Aim of the task:
Leave out the pictures and transcribe the rest of the records exactly.

Records shown: Begin

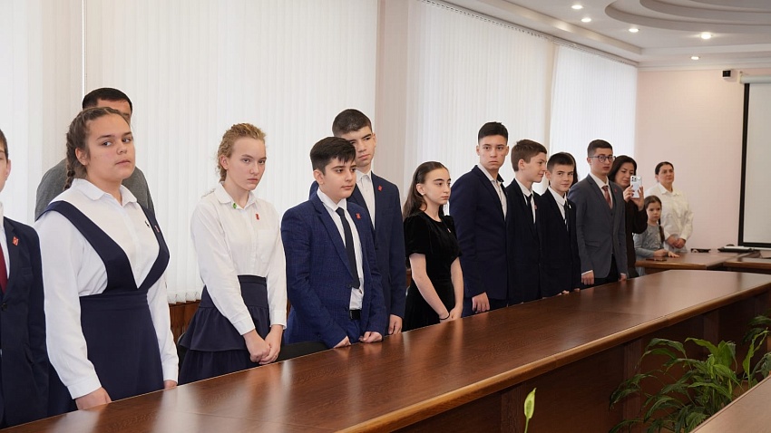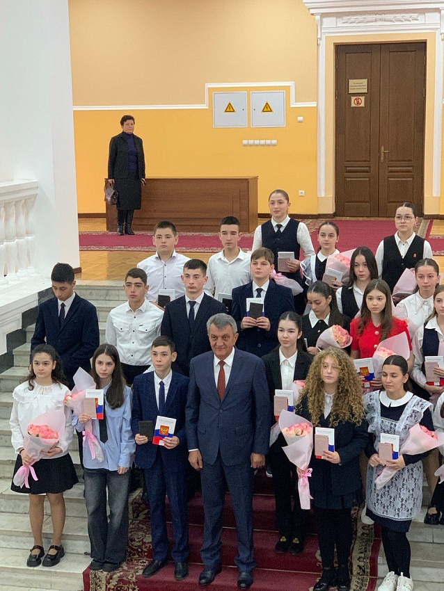 В рамках Всероссийского проекта «Движение Первых», приуроченный ко Дню Конституции 12 декабря 2025 года глава республики РСО-Алания Сергей Иванович Меняйло, мэр г. Владикавказ Вячеслав Эльбрусович Мильдзихов, председатель регионального отделения Российского движения детей и молодёжи «Движение Первых» в РСО-Алания Сармат Хасанбекович Шавлохов, заместитель главы администрации г.Владикавказ Мадина Тамерлановна Ходова, начальник отдела контроля и надзора в сфере образования Министерства образования и науки РСО-Алания Аслан Ермакович Батыров, в торжественной обстановке вручали паспорта лучшим ученикам города. Среди них оказались и наши дети, ученики МБОУ гимназии №45 им. Жоржа Дюмезиля Гергаулов Максим -8а класс, Гаина Дарья-8а класс, Кафланов Азим-8а класс, Лесь Злата 8а класс.
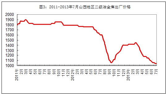 本周国内焦炭价格小幅下跌。截止本周五,山西地区二级冶金焦(A:13.5%)车板价格为1020元/吨左右(见图3),一级冶金焦(A:12.5%)车板价格保持1190元/吨,较上周末下跌20元,焦企面临较大限产压力;河北、辽宁地区一级冶金焦出厂价格下跌20元至1320-1340元/吨,钢厂采购谨慎,唐山部分钢厂焦炭库存较上周下降5%。山东地区二级冶金焦出厂价格保持1230元/吨左右,个别主导钢厂有压价意向。西南地区焦炭价格小幅下跌,贵州地区三级冶金焦出厂价格下跌20元至1450元/吨左右。本周煤炭市场稳中有跌,兖州煤业气煤出厂价格下调80元至830元/吨,徐州矿务局气煤出厂价格下调70元至990元/吨,平煤集团主焦煤出厂价格下调60元至1090元/吨。6月下旬国内钢材产量不减反增,焦炭市场需求相对稳定。不过,焦炭产能过剩、焦化企业限产力度不大仍是压制焦炭价格的主要原因。同时,近期煤炭市场持续疲软,也使得焦炭的价格重心不断下移。预计下周国内市场焦炭价格将稳中略降。
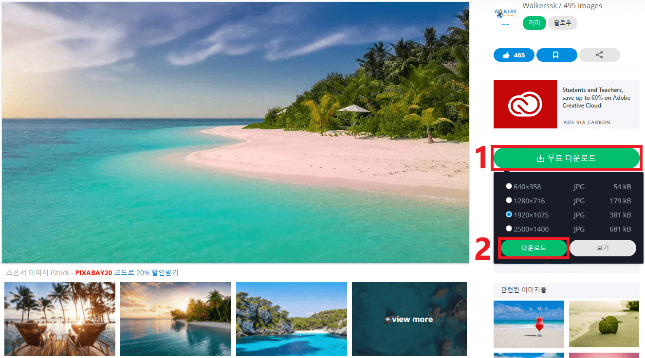 사용하고자 하는 이미지를 선택하였다면 우측에 있는 무료 다운로드 클릭 → 사진의 크기와 용량설정 → 다운로드 클릭해 주세요. 맨 아래 보이는 스폰서 이미지는 해상도가 높은 사진으로 유료 결제가 필요합니다. 현재 다운로드하는 사진도 충분히 사용하기에 퀄리티가 있는 사진으로 무료 이미지를 사용하는게 좋습니다.
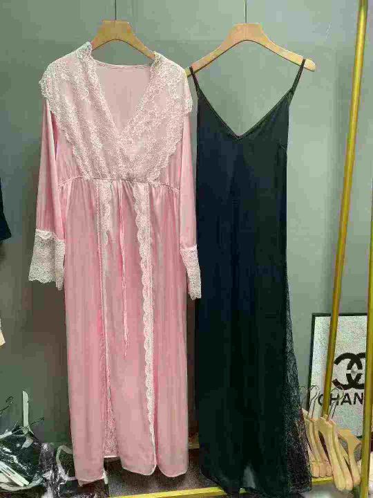 外贸长款仿真丝睡袍100件左右,粉色就几件,黑色为主...
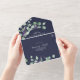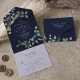 Cette lavande rustique et cette mariage bleu marine d'eucalyptus, le tout dans une seule invitation, est parfait pour une mariage extérieure simple et élégante. Le design floral présente des feuilles d'eucalyptus aquarelle et de la verdure avec des sprigs de fleurs sauvages violets. Écrivez vos adresses d'invités à l'arrière de l'invitation pliée, ou achetez les autocollants de étiquette de adresse d'invités de coordination (vendus séparément).
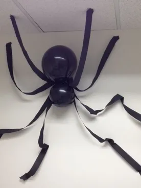 Те же самые ленты, что пошли на гирлянду, и два шарика. А, ну и стремянка!

Records shown: End

Exercise answer:
 В рамках Всероссийского проекта «Движение Первых», приуроченный ко Дню Конституции 12 декабря 2025 года глава республики РСО-Алания Сергей Иванович Меняйло, мэр г. Владикавказ Вячеслав Эльбрусович Мильдзихов, председатель регионального отделения Российского движения детей и молодёжи «Движение Первых» в РСО-Алания Сармат Хасанбекович Шавлохов, заместитель главы администрации г.Владикавказ Мадина Тамерлановна Ходова, начальник отдела контроля и надзора в сфере образования Министерства образования и науки РСО-Алания Аслан Ермакович Батыров, в торжественной обстановке вручали паспорта лучшим ученикам города. Среди них оказались и наши дети, ученики МБОУ гимназии №45 им. Жоржа Дюмезиля Гергаулов Максим -8а класс, Гаина Дарья-8а класс, Кафланов Азим-8а класс, Лесь Злата 8а класс.
 本周国内焦炭价格小幅下跌。截止本周五,山西地区二级冶金焦(A:13.5%)车板价格为1020元/吨左右(见图3),一级冶金焦(A:12.5%)车板价格保持1190元/吨,较上周末下跌20元,焦企面临较大限产压力;河北、辽宁地区一级冶金焦出厂价格下跌20元至1320-1340元/吨,钢厂采购谨慎,唐山部分钢厂焦炭库存较上周下降5%。山东地区二级冶金焦出厂价格保持1230元/吨左右,个别主导钢厂有压价意向。西南地区焦炭价格小幅下跌,贵州地区三级冶金焦出厂价格下跌20元至1450元/吨左右。本周煤炭市场稳中有跌,兖州煤业气煤出厂价格下调80元至830元/吨,徐州矿务局气煤出厂价格下调70元至990元/吨,平煤集团主焦煤出厂价格下调60元至1090元/吨。6月下旬国内钢材产量不减反增,焦炭市场需求相对稳定。不过,焦炭产能过剩、焦化企业限产力度不大仍是压制焦炭价格的主要原因。同时,近期煤炭市场持续疲软,也使得焦炭的价格重心不断下移。预计下周国内市场焦炭价格将稳中略降。
 사용하고자 하는 이미지를 선택하였다면 우측에 있는 무료 다운로드 클릭 → 사진의 크기와 용량설정 → 다운로드 클릭해 주세요. 맨 아래 보이는 스폰서 이미지는 해상도가 높은 사진으로 유료 결제가 필요합니다. 현재 다운로드하는 사진도 충분히 사용하기에 퀄리티가 있는 사진으로 무료 이미지를 사용하는게 좋습니다.
 外贸长款仿真丝睡袍100件左右,粉色就几件,黑色为主...
 Cette lavande rustique et cette mariage bleu marine d'eucalyptus, le tout dans une seule invitation, est parfait pour une mariage extérieure simple et élégante. Le design floral présente des feuilles d'eucalyptus aquarelle et de la verdure avec des sprigs de fleurs sauvages violets. Écrivez vos adresses d'invités à l'arrière de l'invitation pliée, ou achetez les autocollants de étiquette de adresse d'invités de coordination (vendus séparément).
 Те же самые ленты, что пошли на гирлянду, и два шарика. А, ну и стремянка!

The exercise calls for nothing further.